Les ministres forcèrent encore le Roi à écrire au nouvel empereur pour lui faire sentir la nécessité d'épargner l'effusion du sang, qui ne pouvait manquer d'être répandu s'il s'obstinait à s'opposer à l'établissement de la Constitution française. Il lui représentait que, malgré les calomnies dont on l'accablait, elle méritait l'estime des peuples; que, comme représentant héréditaire de la nation, il avait juré de vivre libre ou de mourir avec elle, et qu'il était résolu de la soutenir. Il était facile de reconnaître dans cette lettre le style de M. Dumouriez, ministre des affaires étrangères. Il en écrivit une, en même temps, au marquis de Noailles pour être communiquée à l'Empereur. Elle ne contenait que des éloges de la nation française.

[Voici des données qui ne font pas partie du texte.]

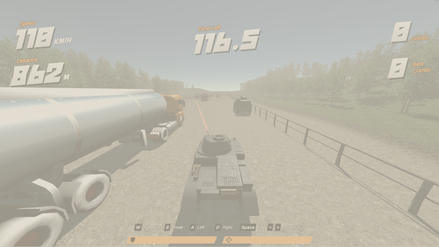 On the road, you'll encounter other vehicles blocking your way. Use your superior driving skills to avoid them, or turn your tank's cannon and blast them away.

On y conseillait à l'Empereur de ne point se commettre avec elle, de faire cesser les inquiétudes qu'il donnait à la France, et de ne point se mêler de son régime intérieur. On lui exposait, en outre, qu'en renonçant à son alliance, il s'exposait aux plus grands dangers et à se trouver sans alliés au milieu de ses ennemis naturels.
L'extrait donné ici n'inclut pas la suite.